People can form stable collaborative relations if one of them acts as a leader and is recognized as such, or if they form a cohesive team with all members staying close. That’s not what makes firm collaborations stable and innovative. Firms cannot have one leader over time because repeated projects typically involve different configurations of interests and capabilities. They cannot be cohesive because each project typically has greater complementarities between one pairing (dyad) of firms than between the other two. As a result, the configurations that work for people fall apart in conflict or in distrust when firms try to repeat collaborative innovations.
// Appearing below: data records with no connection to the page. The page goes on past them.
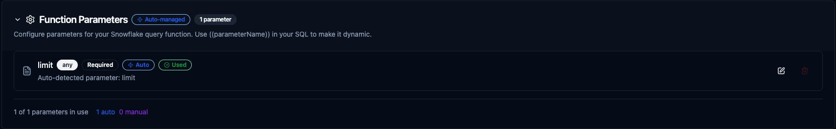 Snowflake query function creation interface with SQL editor and parameter configuration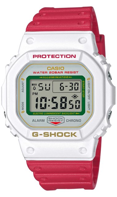 「DW-5600TMN」は、ベースモデルに初号機のデザインを引き継ぐスクエア型の「DW-5600」を採用。フェイスにさりげなく金色の小判のイラストが配されるとともにライト点灯時に招き猫が浮かび上がる、ラッキーモチーフが散りばめられたウオッチだ。カラーは2種類で、それぞれ白と黒の招き猫を表現したシンプルなデザインと、招き猫の毛皮の白に首輪の赤と前掛けの緑を取り入れたポップなデザインで展開される。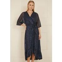 This kimono shape dress is the ultimate party piece! With flowy dip hem style, with all over shimmering sequins that catch the light beautifully. The tie at the waist and V neckline are incredibly elegant and will look amazing at any event or invite this festive season. | Yumi Women's Navy Sequin Kimono Midi Wrap Dress | Size: 8 - Manufacturers part number: Yumi_5056562320037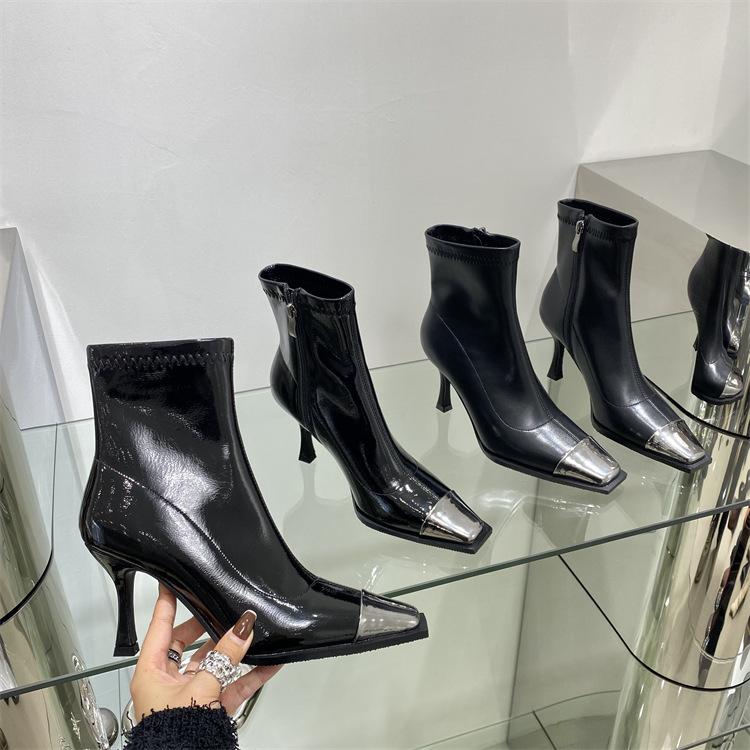 Autumn and Winter Fashion Side Zipper Boots European and American Style Metal Square Head Women's Boots Fine Heel High Heel Short Boots Women

Instead, what is special about firm is recognition that firms are interdependent and that they need to work together in the future, even if they do not collaborate closely at a specific time point. This leads to a form of collaboration called group cycling: each pair of firms that are most interdependent works together closely, with the third at a distance, but they remain in touch and aware of the need to reconfigure with a different focal pair later on. Conflict is avoided because the most complementary firms work together. Trust is kept because all partners see current collaborations as preparations for future collaborations.

Interfirm collaborations is a special kind of network among organizations. Part of its special status comes from the realization that, unlike many other networks, what works for firms is different from what works for people. This is a good insight in management because we often think that intuition carries over from one level to the next.

Davis, Jason P. 2016. The Group Dynamics of Interorganizational Relationships: Collaborating with Multiple Partners in Innovation Ecosystems. Administrative Science Quarterly, forthcoming.